“All the angels pray. Every creature prays. Cattle and wild beasts pray and bend the knee. As they come from their barns and caves they look up to heaven and call out, lifting up their spirit in their own fashion… What more need be said on the duty of prayer? Even the Lord himself prayed.”
That’s Tertullian, the Carthaginian theologian, writing in the 3rd century CE. Not a saint, but a great man of faith. And here I am: the person who prays in this place, for these people. I’m not the only one, thank God. There are people praying all around in the privacy of their homes. However, I’m the one who’s ordered and obligated to pray for the villages and the people here, and to lead them in prayer in the churches. People stop me on the street and ask for prayers for themselves or people they love.

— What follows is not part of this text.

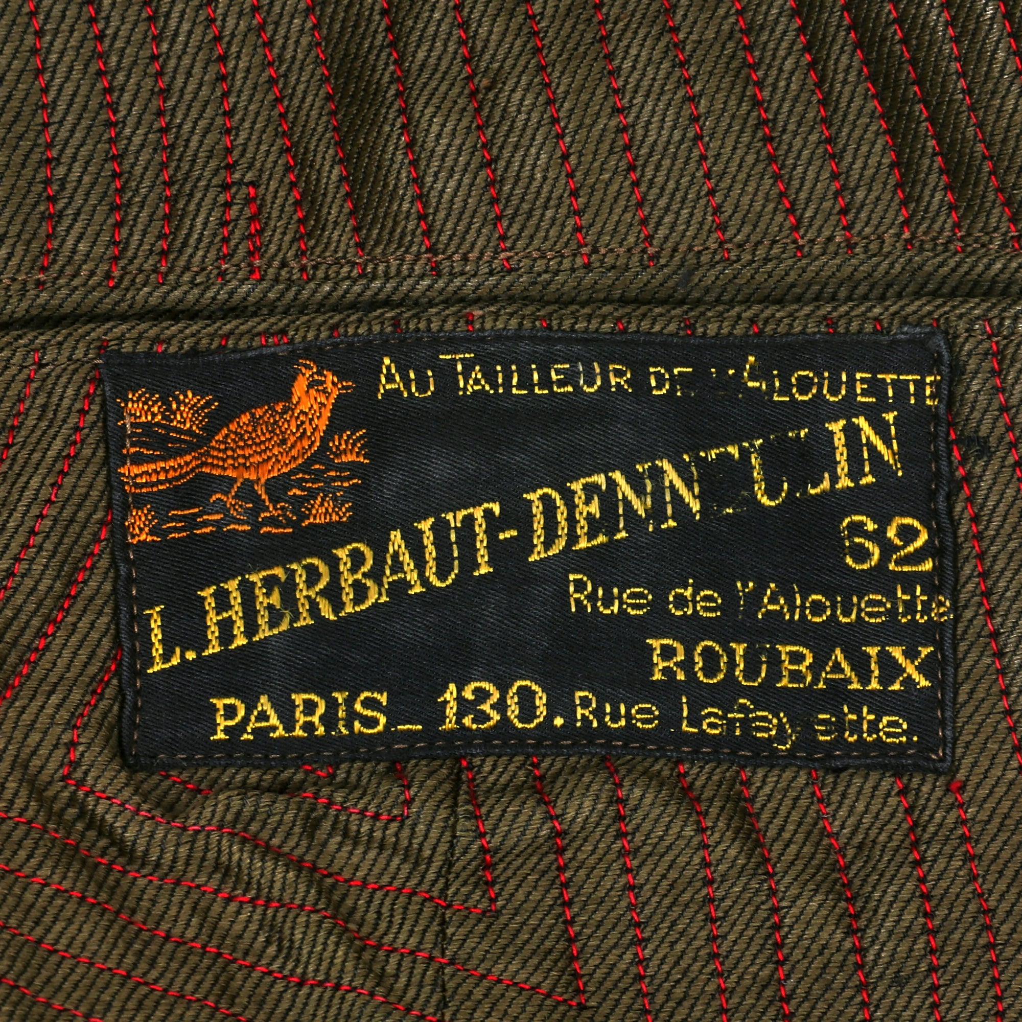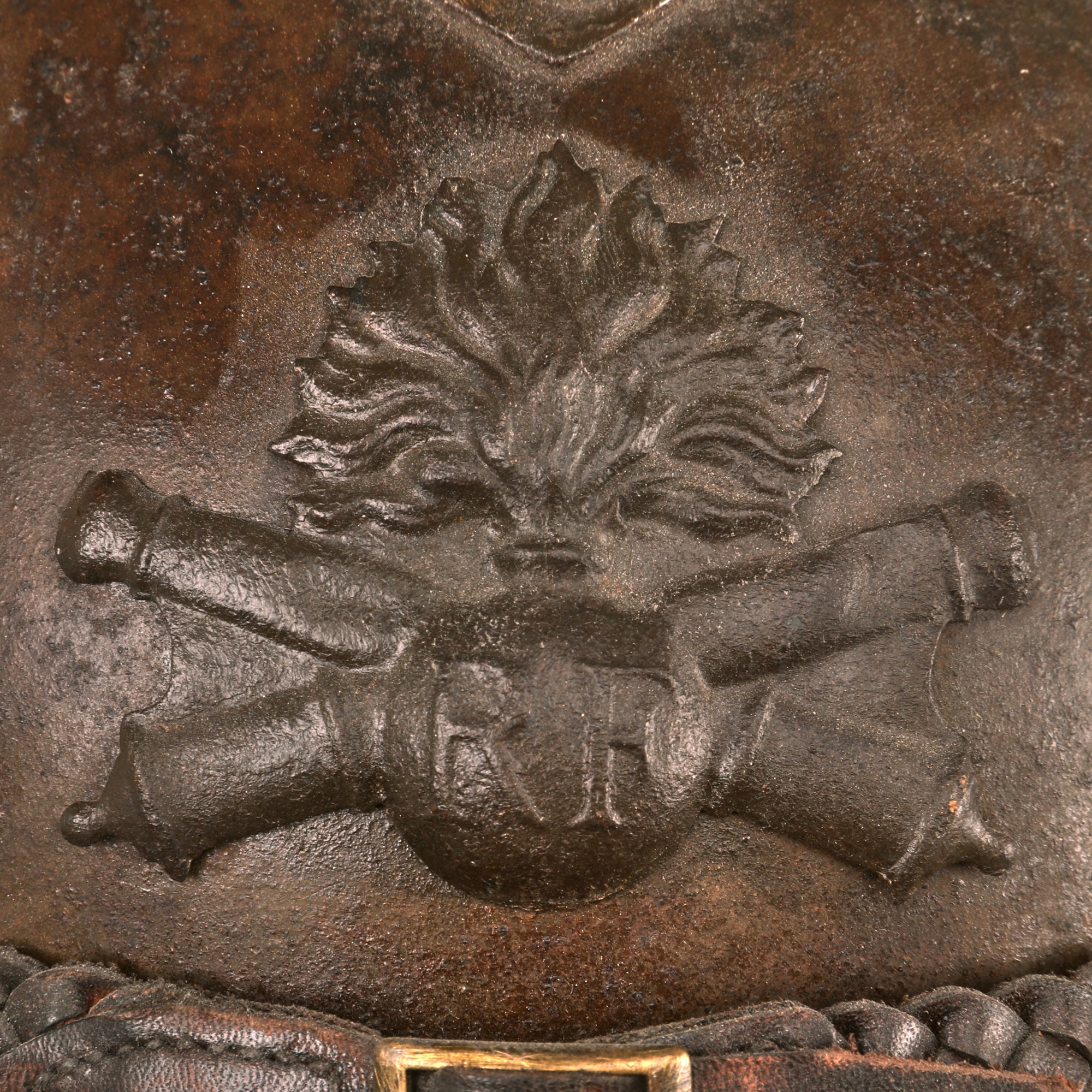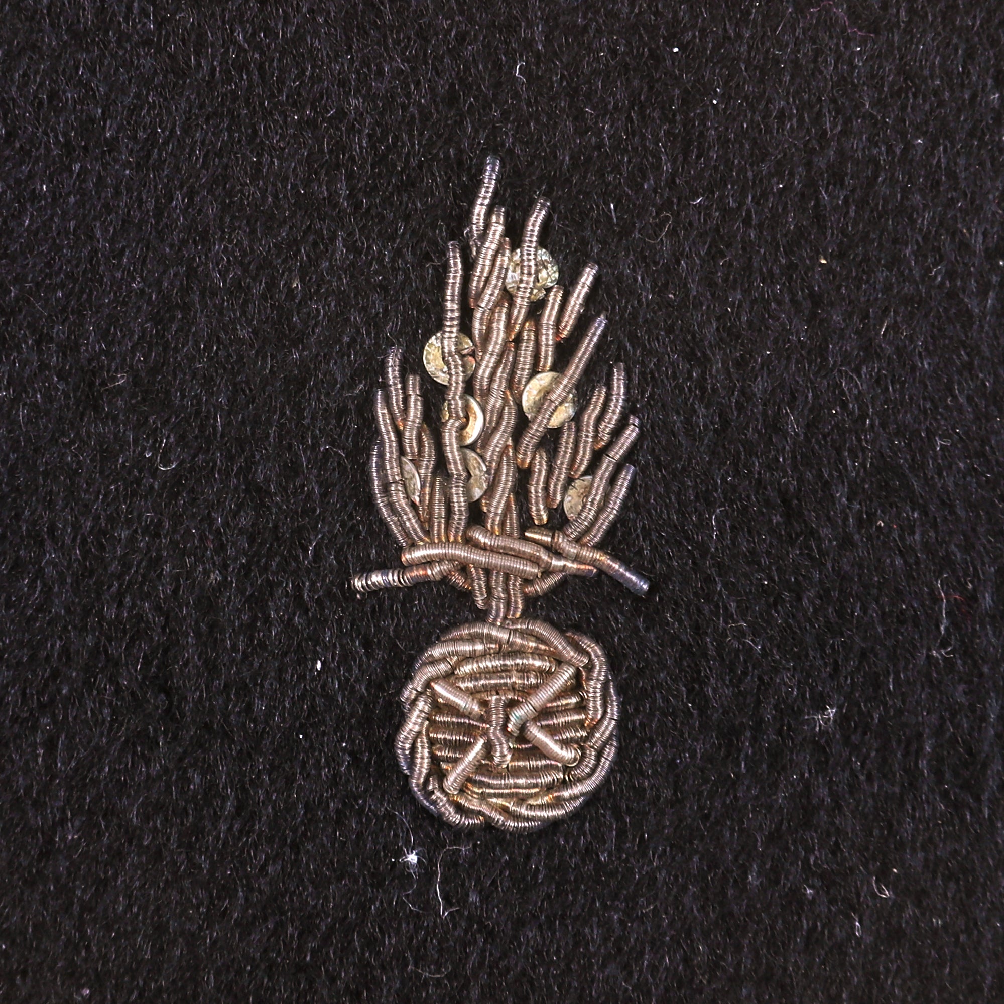 The uniform includes the officer’s single-breasted tunic with seven brass Field Artillery buttons sewn to the front. The right cuff bears two stripes, indicating the rank of Lieutenant. The collar bears two red felt-backed Flaming bomb insignia with two black chevrons at the top, denoting a Lieutenant of Field Artillery. The interior of the tunic is well worn, with a still-clear maker’s tag bearing a French bird and reading:

I’m infinitely grateful to have the obligation because otherwise, frankly, I wouldn’t consider myself remotely suitable for the job. There are deeply spiritual people all around, but I’m not one of them. I’m easily distracted, and tethered with a thousand Liliputian guy-ropes to the earth. I’ve been praying all my life and still pray as I did when I was a child. A friend identifies as “deeply spiritual”, and says she spends hours in silent adoration. I can’t help thinking of the deli scene in When Harry Met Sally.
I kick that thought aside and go on praying. Every morning, it’s the words of the Office that wake me up before the coffee: “The night is past and the day lies open before us: let us pray with one heart and mind.” Then the rubric: Silence is kept. The silence is part of the prayer; it’s a moment—as long a moment as can be tolerated—of listening, before we then turn to giving thanks for the gift of a new day and open the book to that morning’s appointed psalm.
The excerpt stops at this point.